On 3/17/2014 5:23 PM, Bridgit Pollpeter wrote:
> This is a piece I wrote for the Live Well blog a few years ago, but I've
> continued to revise and edit it. Still working on something fresh, but
> will share this while I continue toiling on new material.
>
>
> The view from the window leaves a captured image in my memory. Bronzed
> foliage contrast with periwinkle sky. Clouds dot the horizon like
> unpainted spots of canvas. The trees and sky are all I remember though I
> know the window also contains a side view of our neighbor's house, the
> green swing set, holding years of memories, and the emerald, gold and
> russet patchwork quilting Nebraska autumn lawns.
>
> This picture of autumn serenity is marred as the sky crashes down on top
> of me.
>
> Panic twist about my awareness like a spiderweb. My breathing is short
> and ragged, catching in my chest, held back by some invisible force. I
> feel the twitching seizure begin, clawing at my body.
>
> A pulsing erupts in my belly like a punch delivered from inside. Panic
> now takes me under, leaving me terrified, knowing I have no control over
> what is happening-what is still yet to happen.
>
> I scream for my mom-I will scream her name each time for the next twenty
> years until I meet my husband. "No, no, no, no," I chant to myself, a
> supplication never answered, as I slip into a diabetic insulin reaction.
>
> I can feel a chill coursing through my veins, a chill anchoring my being
> where I stand. Sweat glides along the vertical topography of my
> nine-year-old body, and I know it's too late.
>
> My hands twitch like two goldfish too long out of water. My brain seems
> to jerk independent of my head, like a pinball ricocheting in random
> patterns. Tears join the rivers of cold sweat as my slim limbs jerkily
> collide with the floor.

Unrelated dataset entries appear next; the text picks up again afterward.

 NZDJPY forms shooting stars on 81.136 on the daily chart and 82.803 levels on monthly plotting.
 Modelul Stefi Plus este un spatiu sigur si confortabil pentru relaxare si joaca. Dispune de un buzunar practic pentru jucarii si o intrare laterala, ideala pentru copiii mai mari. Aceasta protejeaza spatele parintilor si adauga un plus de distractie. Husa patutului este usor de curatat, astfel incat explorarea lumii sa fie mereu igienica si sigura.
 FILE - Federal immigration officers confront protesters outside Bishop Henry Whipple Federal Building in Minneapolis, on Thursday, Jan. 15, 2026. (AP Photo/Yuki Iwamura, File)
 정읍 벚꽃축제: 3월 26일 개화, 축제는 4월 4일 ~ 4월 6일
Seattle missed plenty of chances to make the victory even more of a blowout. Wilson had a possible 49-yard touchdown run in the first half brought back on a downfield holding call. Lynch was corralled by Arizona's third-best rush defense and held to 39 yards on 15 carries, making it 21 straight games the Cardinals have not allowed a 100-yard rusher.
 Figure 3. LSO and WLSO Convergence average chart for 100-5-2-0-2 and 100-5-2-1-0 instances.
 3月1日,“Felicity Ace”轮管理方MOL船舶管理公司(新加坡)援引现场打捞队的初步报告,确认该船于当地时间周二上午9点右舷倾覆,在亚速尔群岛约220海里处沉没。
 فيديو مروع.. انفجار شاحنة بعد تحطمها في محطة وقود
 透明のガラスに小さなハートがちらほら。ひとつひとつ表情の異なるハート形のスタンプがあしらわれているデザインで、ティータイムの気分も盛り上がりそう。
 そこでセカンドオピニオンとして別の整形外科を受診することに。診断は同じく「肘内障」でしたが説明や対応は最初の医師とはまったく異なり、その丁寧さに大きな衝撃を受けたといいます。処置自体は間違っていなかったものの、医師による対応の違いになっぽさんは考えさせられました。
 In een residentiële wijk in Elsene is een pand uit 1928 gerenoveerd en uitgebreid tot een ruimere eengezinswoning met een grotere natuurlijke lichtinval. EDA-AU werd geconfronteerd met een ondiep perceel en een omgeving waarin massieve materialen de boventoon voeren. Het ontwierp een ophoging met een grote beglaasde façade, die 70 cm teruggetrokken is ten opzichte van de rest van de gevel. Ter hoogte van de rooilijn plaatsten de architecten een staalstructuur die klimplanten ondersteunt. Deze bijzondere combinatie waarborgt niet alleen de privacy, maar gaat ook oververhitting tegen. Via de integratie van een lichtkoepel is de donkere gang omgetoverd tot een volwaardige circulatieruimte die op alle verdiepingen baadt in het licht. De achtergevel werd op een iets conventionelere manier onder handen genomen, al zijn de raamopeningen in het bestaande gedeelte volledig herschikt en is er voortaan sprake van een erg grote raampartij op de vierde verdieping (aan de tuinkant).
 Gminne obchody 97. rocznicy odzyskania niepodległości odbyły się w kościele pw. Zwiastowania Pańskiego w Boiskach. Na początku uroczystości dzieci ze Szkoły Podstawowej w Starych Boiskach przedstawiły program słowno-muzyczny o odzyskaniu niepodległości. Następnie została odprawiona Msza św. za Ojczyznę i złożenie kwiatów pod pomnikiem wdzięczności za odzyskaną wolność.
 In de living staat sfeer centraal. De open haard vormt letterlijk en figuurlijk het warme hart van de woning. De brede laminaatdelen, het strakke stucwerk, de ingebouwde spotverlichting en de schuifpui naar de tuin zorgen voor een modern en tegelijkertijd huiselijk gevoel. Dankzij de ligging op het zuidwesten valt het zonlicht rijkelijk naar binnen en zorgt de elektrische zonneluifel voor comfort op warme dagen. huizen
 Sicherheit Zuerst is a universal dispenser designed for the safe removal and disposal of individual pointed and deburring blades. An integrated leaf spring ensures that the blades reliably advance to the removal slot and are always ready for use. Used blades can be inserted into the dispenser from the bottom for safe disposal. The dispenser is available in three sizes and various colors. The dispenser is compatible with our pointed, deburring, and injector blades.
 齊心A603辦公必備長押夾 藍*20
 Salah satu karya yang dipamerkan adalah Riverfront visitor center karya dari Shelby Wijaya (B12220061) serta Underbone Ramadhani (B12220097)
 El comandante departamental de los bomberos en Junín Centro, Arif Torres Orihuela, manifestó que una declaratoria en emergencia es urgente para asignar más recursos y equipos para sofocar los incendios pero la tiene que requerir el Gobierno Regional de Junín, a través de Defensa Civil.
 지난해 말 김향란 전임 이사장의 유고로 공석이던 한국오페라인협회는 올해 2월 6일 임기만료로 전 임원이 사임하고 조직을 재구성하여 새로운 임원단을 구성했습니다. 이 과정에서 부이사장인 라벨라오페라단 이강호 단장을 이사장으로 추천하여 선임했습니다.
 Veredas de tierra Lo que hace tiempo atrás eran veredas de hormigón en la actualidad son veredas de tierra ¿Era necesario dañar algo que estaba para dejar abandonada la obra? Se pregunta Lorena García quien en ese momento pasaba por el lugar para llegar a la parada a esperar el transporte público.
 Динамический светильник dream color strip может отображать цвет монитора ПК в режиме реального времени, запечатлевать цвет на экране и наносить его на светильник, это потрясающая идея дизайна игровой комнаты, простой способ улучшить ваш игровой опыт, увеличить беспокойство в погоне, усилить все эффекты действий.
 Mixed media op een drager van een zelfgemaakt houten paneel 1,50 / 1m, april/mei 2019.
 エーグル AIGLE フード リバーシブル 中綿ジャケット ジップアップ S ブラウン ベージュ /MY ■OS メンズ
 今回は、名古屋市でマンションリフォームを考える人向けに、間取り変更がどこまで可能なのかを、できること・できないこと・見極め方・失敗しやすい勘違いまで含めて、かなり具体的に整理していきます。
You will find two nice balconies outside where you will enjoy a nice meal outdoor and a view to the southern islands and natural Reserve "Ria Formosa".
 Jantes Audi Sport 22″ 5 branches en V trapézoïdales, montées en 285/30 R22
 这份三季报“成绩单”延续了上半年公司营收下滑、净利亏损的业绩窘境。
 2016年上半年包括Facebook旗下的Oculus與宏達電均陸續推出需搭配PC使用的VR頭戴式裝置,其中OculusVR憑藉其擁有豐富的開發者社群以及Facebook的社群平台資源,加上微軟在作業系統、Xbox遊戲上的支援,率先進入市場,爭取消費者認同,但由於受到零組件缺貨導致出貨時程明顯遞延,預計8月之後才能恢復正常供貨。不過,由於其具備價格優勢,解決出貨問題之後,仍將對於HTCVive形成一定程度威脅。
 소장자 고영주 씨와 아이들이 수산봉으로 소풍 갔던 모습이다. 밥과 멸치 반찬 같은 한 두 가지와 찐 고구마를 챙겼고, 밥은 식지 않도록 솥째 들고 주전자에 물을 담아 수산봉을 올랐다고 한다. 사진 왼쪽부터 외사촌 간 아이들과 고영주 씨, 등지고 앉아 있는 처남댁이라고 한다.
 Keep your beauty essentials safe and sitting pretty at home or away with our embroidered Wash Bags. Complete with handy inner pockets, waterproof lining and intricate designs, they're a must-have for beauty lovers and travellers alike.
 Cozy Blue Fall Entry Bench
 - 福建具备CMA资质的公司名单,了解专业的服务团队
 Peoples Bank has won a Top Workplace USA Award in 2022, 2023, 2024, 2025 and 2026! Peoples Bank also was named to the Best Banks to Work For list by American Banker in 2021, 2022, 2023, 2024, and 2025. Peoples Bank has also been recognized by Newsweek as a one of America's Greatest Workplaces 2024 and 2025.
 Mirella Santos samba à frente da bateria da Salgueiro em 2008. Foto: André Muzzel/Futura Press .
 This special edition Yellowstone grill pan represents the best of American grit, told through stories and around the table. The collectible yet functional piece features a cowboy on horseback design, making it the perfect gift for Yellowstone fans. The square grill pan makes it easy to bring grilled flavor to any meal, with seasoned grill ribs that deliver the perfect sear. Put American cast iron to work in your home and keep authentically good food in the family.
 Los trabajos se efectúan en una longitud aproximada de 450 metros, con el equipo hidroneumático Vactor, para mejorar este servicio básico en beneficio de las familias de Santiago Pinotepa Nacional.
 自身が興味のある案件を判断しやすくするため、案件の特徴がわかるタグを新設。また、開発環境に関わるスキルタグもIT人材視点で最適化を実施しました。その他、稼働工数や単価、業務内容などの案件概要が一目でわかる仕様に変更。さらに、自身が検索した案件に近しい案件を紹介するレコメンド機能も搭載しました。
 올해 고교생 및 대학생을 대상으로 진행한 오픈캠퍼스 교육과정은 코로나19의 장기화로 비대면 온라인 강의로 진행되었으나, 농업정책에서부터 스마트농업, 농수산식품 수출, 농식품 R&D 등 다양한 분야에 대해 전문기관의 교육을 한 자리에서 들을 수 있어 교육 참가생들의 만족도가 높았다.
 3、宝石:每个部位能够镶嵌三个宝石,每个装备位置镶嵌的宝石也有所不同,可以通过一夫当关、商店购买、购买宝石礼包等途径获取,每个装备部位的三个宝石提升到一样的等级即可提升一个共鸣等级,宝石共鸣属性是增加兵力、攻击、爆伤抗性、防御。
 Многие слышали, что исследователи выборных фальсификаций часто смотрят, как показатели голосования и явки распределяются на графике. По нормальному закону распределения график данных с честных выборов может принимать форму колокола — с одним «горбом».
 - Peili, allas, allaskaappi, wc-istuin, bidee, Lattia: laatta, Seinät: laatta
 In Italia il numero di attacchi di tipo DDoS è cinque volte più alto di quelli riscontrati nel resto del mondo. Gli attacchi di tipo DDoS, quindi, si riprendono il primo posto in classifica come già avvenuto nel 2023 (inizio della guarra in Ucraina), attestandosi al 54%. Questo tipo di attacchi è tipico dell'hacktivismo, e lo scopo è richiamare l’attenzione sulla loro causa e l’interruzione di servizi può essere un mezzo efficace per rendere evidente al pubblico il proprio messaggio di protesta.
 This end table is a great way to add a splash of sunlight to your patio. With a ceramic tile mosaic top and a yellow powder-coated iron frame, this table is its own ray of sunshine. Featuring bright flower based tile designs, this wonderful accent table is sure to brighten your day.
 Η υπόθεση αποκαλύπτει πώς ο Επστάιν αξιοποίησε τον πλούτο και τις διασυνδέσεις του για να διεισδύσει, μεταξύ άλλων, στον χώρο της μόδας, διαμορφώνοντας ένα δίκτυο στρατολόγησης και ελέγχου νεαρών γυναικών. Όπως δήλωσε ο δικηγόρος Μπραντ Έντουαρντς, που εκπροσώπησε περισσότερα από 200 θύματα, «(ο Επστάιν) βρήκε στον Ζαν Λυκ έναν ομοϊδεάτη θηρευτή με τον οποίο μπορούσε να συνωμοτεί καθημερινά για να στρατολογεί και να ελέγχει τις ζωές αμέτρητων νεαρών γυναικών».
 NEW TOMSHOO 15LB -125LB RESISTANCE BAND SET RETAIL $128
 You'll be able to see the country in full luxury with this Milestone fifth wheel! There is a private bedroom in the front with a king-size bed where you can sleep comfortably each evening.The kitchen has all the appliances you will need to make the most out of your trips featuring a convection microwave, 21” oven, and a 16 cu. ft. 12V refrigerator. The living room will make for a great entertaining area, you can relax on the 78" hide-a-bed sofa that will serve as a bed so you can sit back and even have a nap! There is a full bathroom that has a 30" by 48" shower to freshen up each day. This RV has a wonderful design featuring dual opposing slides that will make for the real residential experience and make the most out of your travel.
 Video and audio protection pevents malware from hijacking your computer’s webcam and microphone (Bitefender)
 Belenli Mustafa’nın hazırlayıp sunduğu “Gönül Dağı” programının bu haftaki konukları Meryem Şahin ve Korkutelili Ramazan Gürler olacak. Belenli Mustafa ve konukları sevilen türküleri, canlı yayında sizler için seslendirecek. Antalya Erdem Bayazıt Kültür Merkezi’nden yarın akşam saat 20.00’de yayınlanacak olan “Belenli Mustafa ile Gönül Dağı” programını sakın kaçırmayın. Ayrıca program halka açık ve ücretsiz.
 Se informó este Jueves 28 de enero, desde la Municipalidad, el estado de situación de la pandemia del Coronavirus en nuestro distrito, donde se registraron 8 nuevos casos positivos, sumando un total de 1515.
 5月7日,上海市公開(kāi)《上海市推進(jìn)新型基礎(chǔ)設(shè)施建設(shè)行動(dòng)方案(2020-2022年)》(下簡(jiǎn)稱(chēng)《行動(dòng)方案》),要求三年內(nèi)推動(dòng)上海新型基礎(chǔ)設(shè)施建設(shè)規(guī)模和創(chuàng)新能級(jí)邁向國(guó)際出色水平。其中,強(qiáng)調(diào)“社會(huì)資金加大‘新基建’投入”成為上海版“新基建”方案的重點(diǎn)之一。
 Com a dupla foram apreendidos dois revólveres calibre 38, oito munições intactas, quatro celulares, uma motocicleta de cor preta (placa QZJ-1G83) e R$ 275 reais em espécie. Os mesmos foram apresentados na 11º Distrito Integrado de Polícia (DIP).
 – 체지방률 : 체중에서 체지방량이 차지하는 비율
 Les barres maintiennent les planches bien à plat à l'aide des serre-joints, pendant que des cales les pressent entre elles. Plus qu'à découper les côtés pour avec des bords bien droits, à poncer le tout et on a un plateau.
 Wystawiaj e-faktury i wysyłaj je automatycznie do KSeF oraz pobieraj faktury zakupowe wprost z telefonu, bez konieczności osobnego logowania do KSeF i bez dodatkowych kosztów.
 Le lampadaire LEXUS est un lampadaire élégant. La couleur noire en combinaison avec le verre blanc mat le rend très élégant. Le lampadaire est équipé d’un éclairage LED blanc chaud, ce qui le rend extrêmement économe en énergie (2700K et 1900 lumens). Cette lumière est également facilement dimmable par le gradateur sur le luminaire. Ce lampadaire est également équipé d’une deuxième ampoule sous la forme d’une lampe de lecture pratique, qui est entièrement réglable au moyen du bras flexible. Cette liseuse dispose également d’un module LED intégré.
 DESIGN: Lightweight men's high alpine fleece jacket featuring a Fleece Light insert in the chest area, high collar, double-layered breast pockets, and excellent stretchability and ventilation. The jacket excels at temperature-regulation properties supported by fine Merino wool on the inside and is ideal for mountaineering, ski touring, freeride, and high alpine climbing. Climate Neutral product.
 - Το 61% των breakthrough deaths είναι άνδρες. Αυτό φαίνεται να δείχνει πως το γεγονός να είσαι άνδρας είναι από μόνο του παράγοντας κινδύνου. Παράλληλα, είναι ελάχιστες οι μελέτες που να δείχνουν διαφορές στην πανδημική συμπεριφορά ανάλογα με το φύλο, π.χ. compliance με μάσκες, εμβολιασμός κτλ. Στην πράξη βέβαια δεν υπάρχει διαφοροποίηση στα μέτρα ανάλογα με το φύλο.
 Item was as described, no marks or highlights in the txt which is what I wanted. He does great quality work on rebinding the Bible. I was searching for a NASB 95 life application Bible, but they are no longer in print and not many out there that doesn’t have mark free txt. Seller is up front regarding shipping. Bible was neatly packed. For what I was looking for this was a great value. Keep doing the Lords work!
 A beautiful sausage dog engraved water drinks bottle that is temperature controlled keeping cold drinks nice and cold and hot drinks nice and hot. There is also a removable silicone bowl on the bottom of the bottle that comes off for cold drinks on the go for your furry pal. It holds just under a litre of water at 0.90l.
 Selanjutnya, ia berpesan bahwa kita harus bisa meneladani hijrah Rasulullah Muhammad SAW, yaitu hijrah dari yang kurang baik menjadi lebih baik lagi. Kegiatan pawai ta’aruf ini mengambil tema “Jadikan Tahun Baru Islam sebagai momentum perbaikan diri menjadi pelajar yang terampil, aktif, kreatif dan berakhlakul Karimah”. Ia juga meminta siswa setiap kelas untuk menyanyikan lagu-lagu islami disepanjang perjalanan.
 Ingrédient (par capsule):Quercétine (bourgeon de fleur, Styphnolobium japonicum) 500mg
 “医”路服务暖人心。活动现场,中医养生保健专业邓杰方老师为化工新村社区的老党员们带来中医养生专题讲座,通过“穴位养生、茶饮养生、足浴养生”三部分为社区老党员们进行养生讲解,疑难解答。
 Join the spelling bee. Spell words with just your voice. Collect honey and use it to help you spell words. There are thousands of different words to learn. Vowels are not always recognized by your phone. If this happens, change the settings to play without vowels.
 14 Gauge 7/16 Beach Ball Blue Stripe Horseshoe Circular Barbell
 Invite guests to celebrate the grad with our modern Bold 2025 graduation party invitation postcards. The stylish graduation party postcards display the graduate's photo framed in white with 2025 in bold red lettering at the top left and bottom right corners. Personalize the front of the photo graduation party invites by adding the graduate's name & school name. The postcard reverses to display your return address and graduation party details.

My trained dancer's body does not understand the
> combinations of twitching controlling my arms and legs and torso.
>
> "Mommy!"  This is all I say before screaming erases the defined edges
> between articulation and wild animal sounds.
>
> The world around me is a quiet whisper as my consciousness is ripped in
> two. Like an angel guarding its charge, I look down, watching the scene
> unfold.
>
> My mom cradles me in her lap as I struggle to reconcile the images in
> front of me. I still see the autumn sky in its blue brilliance, but a
> proscenium stage is now stamped in the forefront.
>
> An audience of one endures the nightmare performance repeating
> incessantly before me. Screams punctuate each scene, and my fists and
> feet curl into balls. Aware of reality and fiction, I have no control.
>
> Years later, I'll learn people have similar experiences while on
> hallucigenic drugs-I'll wonder why anyone willingly puts themselves
> through this.
>
> "Brooky, get the sugar jar then get Daddy- he's outside in the garage."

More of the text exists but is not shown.